Aligning your long-term pool with enterprise objectives: Best practices for healthcare systems

Healthcare systems currently have a lot on their plate. Which is why setting the asset allocation for their long-term investment pool—based on a moderate risk balanced asset allocation and a nominal or inflation-plus return target—may seem like a simple path forward, and one less thing to think about. But this isn’t a step to take lightly. In order to reduce future headaches that may arise due to unintended risk within the long-term pool, we encourage healthcare systems to define their asset allocation and strategy based on overall enterprise needs and risk tolerance.

Defining the objective of the investment pool

Often the first conversation we have with new healthcare clients about their long-term pools is regarding the objective of the investment pool. Other non-pension asset pools may have nominal or inflation-plus return objectives, but for the long-term pool we recommend the consideration of a return objective based on the system’s cost of capital plus a premium.

When funding capital-intensive projects, healthcare systems often have two choices: fund it from the long-term pool or borrow. Given low interest rates, many choose to issue debt to fund capital projects. As long as the investment results for the long-term pool exceed the cost of borrowing, this is a good trade-off. Therefore, the investment objective of the long-term pool should be aligned with this goal. By explicitly setting the return objective as the cost of capital plus a premium, the system is setting a goal and can balance the expectations on the reward expected for maintaining additional debt and undertaking investment risk.

The higher the premium targeted above the cost of capital, the more the system can expect to generate additional assets and outpace the interest on its debt. However, more investment risk must be undertaken to achieve these beneficial long-term results. Specifically, we believe the analysis of the potential premium that should be targeted above the cost of capital should include an assessment of the risk level that would be associated with portfolios structured to achieve various return levels. 
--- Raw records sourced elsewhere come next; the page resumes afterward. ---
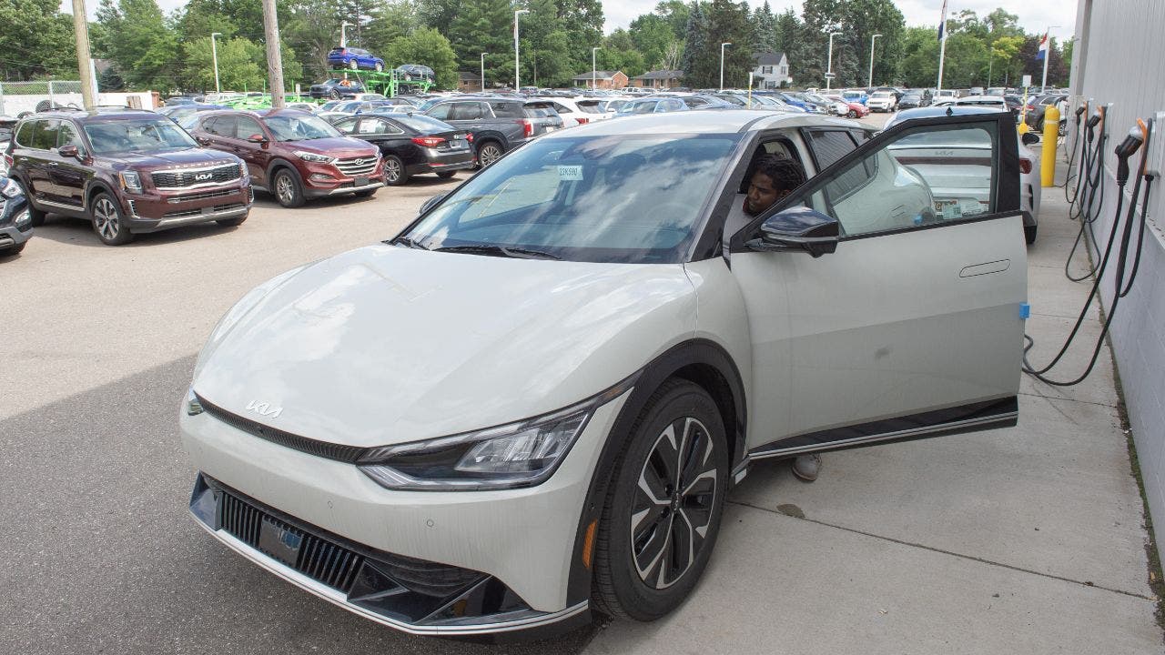 A Kia EV6 electric vehicle (EV) is charging at the LaFontaine Kia dealership on July 13, 2023 in Detroit, Michigan. (Matthew Hatcher/Bloomberg via Getty Images/Getty Images)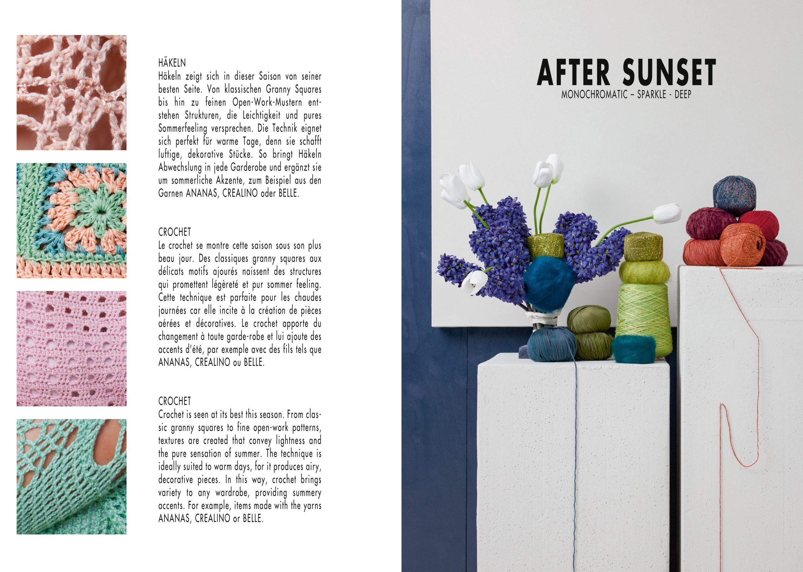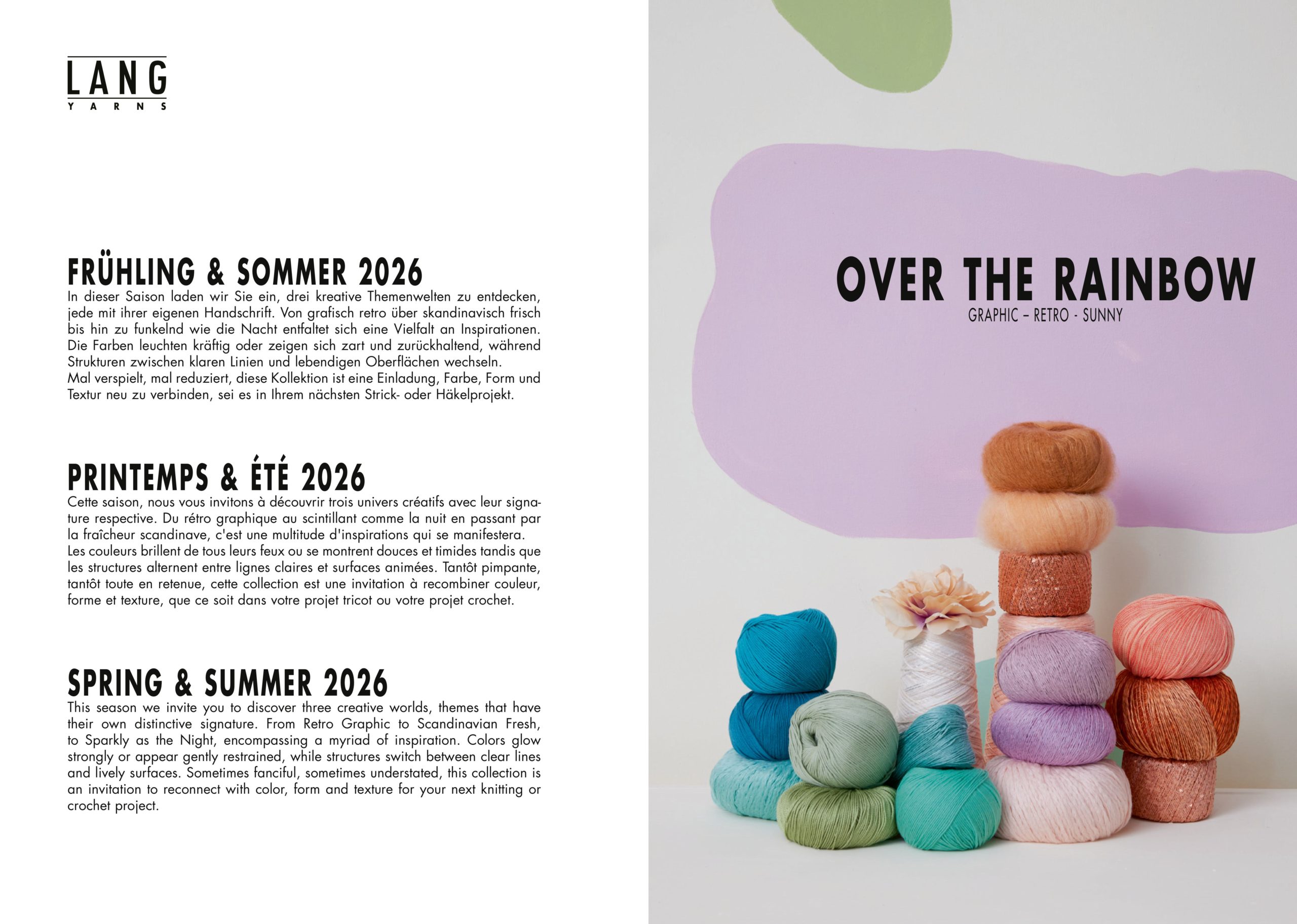 Mal verspielt, mal reduziert, diese Kollektion ist eine Einladung, Farbe, Form und Textur neu zu verbinden, sei es in Ihrem nächsten Strick- oder Häkelprojekt.
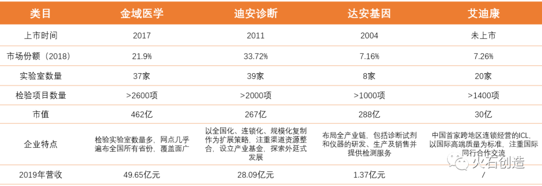 表1 国内独立医学实验室分类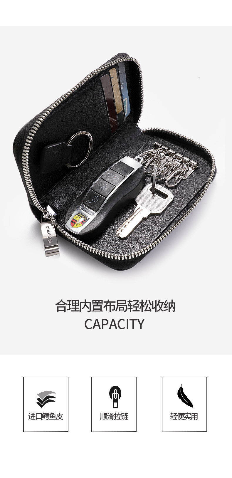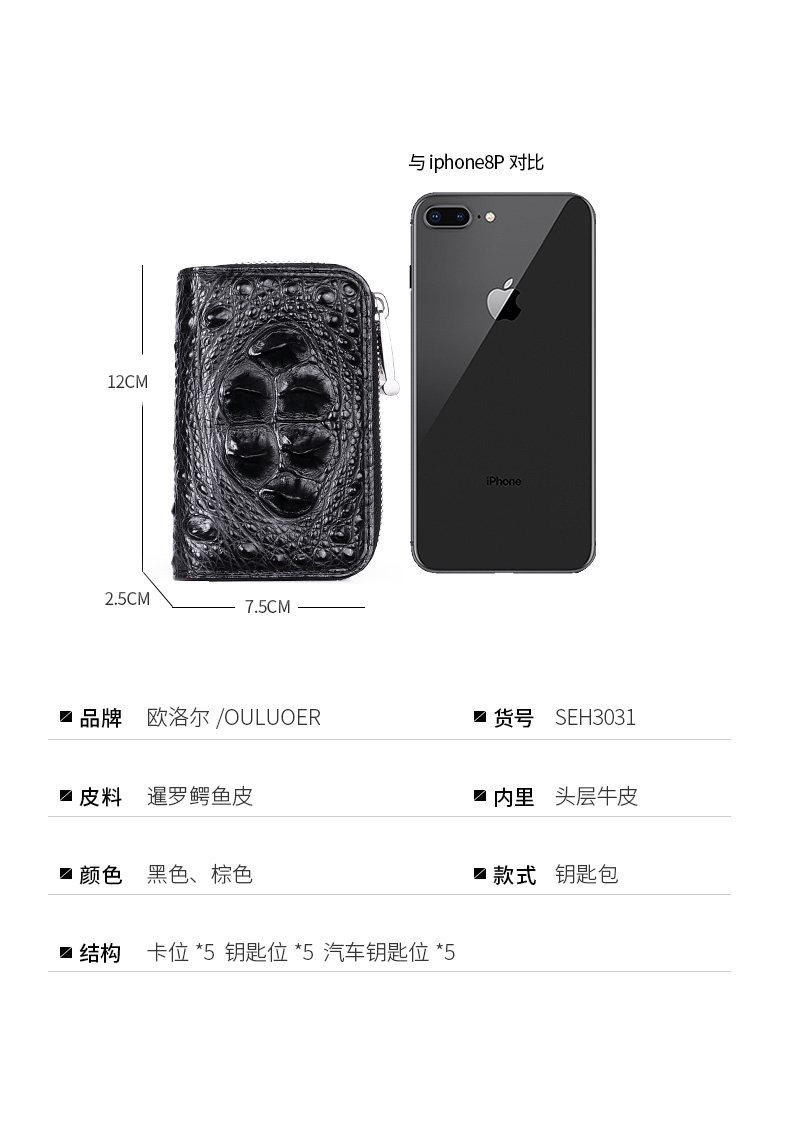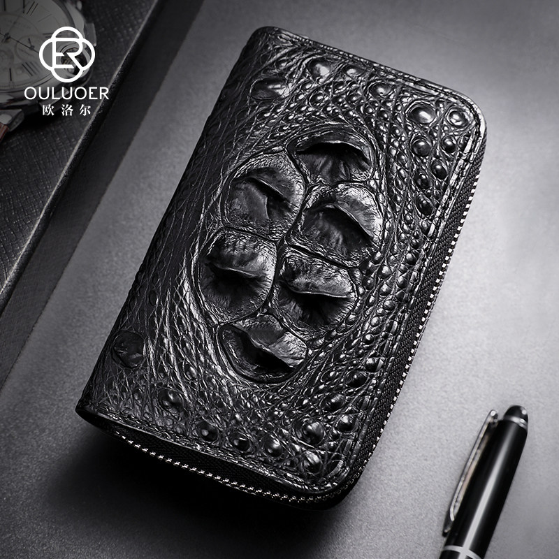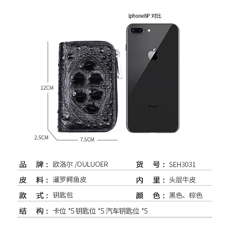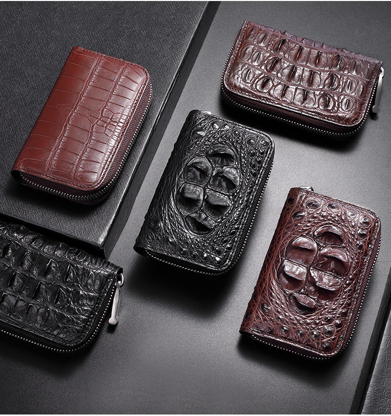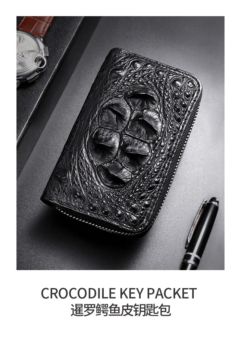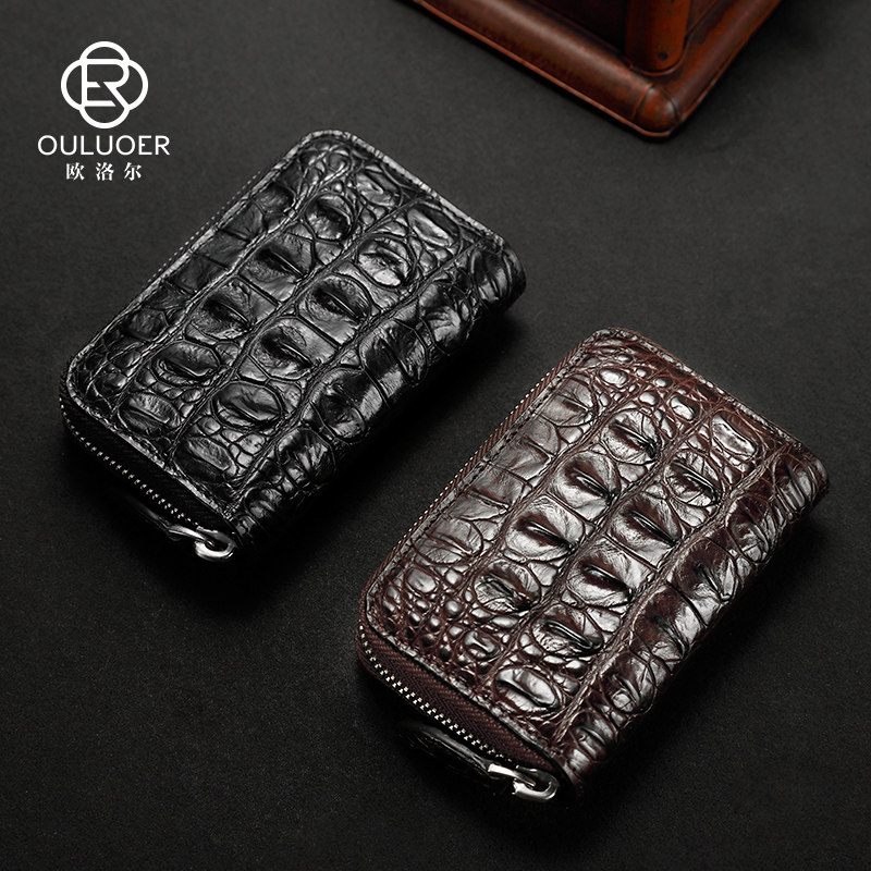 欧洛尔 Вместительная и большая ключница, картхолдер, универсальный брелок с молнией, крокодил, из натуральной кожи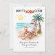 Envía cálidos deseos de vacaciones desde la playa con esta divertida tarjeta de Navidad "Baby It's Warm Outside" que presenta a Santa en vacaciones. Santa se relaja con pantalones cortos hawaianos bajo una palmera decorada con adornos, disfrutando de una cerveza y un día soleado junto al océano. El saludo dice "Que tu Navidad sea alegre y brillante" y se puede personalizar con tu propio mensaje y nombre para un toque personalizado. El reverso presenta un fondo turquesa alegre y playero, que añade un toque de alegría tropical. ¡Perfecto para cualquiera que celebre la Navidad en un clima cálido o que sueñe con una escapada navideña costera! Arte de KL Stock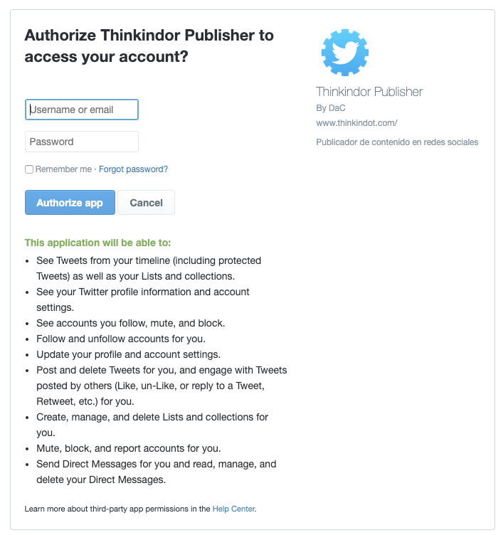Login: Si el portal posee la funcionalidad de registro de usuario, esta función permite a los lectores loguearse en el sitio con sus usuarios de Twitter. Para facilitarte el proceso, el sistema completa estos campos de forma automática con los datos necesarios para que puedas integrar tu aplicación con tu portal creado en Thinkindot®.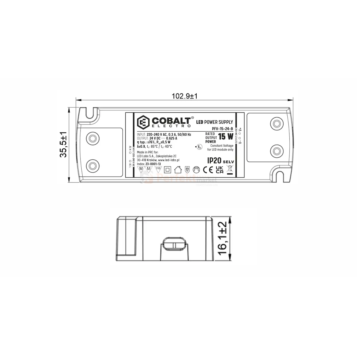 Seria stałonapięciowych zasilaczy meblowych PFV marki Cobalt Electro przeznaczona jest do instalacji wewnętrznych wszędzie tam gdzie rozmiar zasilacza ma znaczenie. Dzięki płaskiej obudowie i stosunkowo niewielkiej wadze, zasilacz znajdzie zastosowanie w najbardziej wymagających przestrzeniach. Poza niewielkim rozmiarem, zasilacz charakteryzuje wysoka sprawność i optymalny wzrost temperatury w czasie pracy, co przekłada się na zminimalizowanie zużycia energii elektrycznej oraz wydłuża żywotność zasilacza.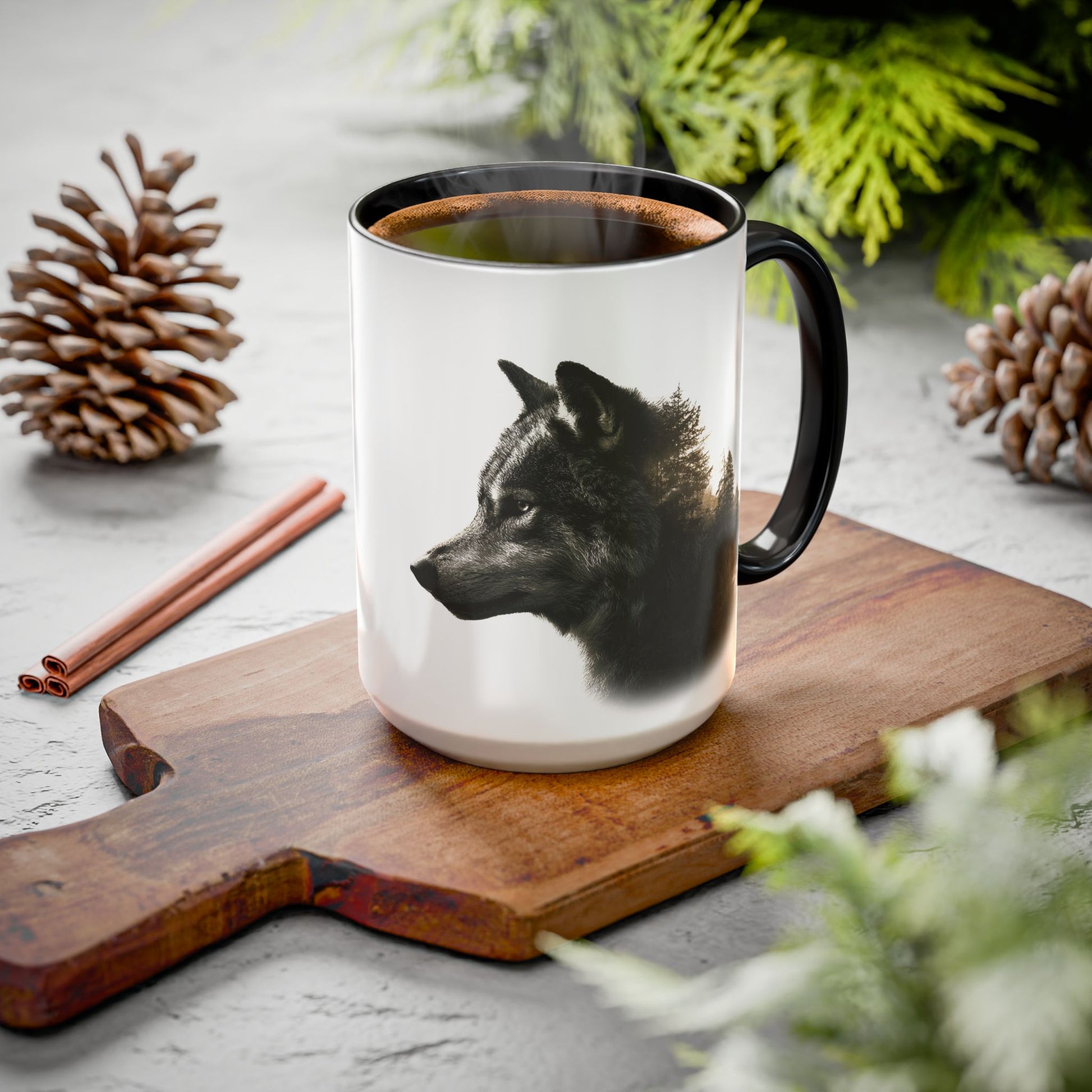 A White Ceramic Accent Color Mug with cinematic design featuring a bold grey wolf portrait, with bold, modern style — perfect for nature lovers, creators, and anyone who loves expressive artwork. A striking ceramic mug that blends wild spirit with quiet mornings. The artwork—two mirrored wolf profiles and a single side portrait—feels like a breath of forest at dawn, dark fur dissolving into silhouette trees. Bright, durable printing holds every soft brush stroke and contrast, while the colored interior and handle add a pop that frames the illustration. Comfortable to hold and built to last, this mug carries calm, focus, and a touch of wilderness into everyday routines—whether it’s coffee before a hike or tea during a late-night sketch session.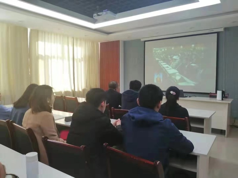 公司党总支书记张升、党总支副书记宋磊、团总支书记钱艳艳与员工党支部全体没课的党员在公司楼502收看开幕式和李克强总理做政府工作报告。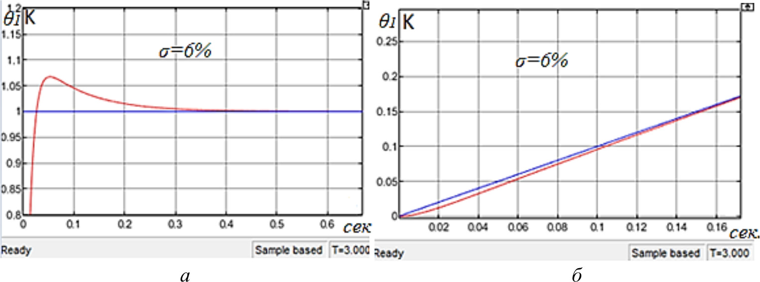 На рис. 6 представлены результаты моделирования переходного процесса в САУ по возмущению: а) при единичном ступенчатом входном сигнале УИТ ; б) при линейно нарастающем сигнале УИТ со скоростью К/с.

The importance of analyzing short-term loss potential

This is why we don’t view objective setting as an isolated conversation. It must be integrated with an analysis of the short-term investment losses that the system could tolerate. By analyzing the expected returns on the potential portfolios in stressed market environments, we would estimate the potential for short-term asset losses—and the impact of those losses on financial metrics that matter to the system. The constraints would vary by system, but all systems will have a point at which losses aren’t tolerable.

For a system with limited operating income that recognizes realized and unrealized losses on their income statement, the ability to undertake investment risk might be constrained by the potential dollar loss, as well as the tolerance for the impact that that would have on the income statement. Another system might be concerned about the potential dollar loss, as they expect to spend from the long-term pool in the coming years and may want to avoid spending from a depressed asset base.

For the typical system that isn’t looking to spend from its long-term pool, but instead might want to issue debt to fund upcoming projects, they could be more concerned about the impact of asset losses on Days Cash on Hand (DCOH) and the knock-on impact of a reduction in DCOH on their credit rating. The risk constraint for these systems would likely be driven by the potential DCOH reduction that could lead to a single-notch or double-notch downgrade, and this analysis would demonstrate which market environments might result in this for a given asset allocation.

DCOH could similarly matter to a system that doesn’t plan on issuing debt in the near future but has DCOH covenants in their existing debt. No matter the exact situation, most systems are exposed to the potential for asset losses at some point during a full market cycle, so it is important to understand how asset losses would reverberate throughout the enterprise. For the healthiest systems, a high level of risk may be tolerable, but for many there will be at least one pain point for which the system would be adversely impacted by losses in the range of expectations.

The bottom line

Compromises may need to be made, if on the onset the return objective is set at a level associated with risks that the system cannot bear. The described approach allows a healthcare system to ensure it has:

  • A return objective aligned with its overall financial situation
  • An asset allocation that supports the return objective
  • Confidence that the asset allocation won’t introduce unacceptable risk to the enterprise

Ultimately, we believe this holistic approach will serve systems well in the long run as they position themselves to generate the required long-term returns to outperform their debt costs, but also protect themselves from damaging their financial health in an unbearable manner in periods of market stress.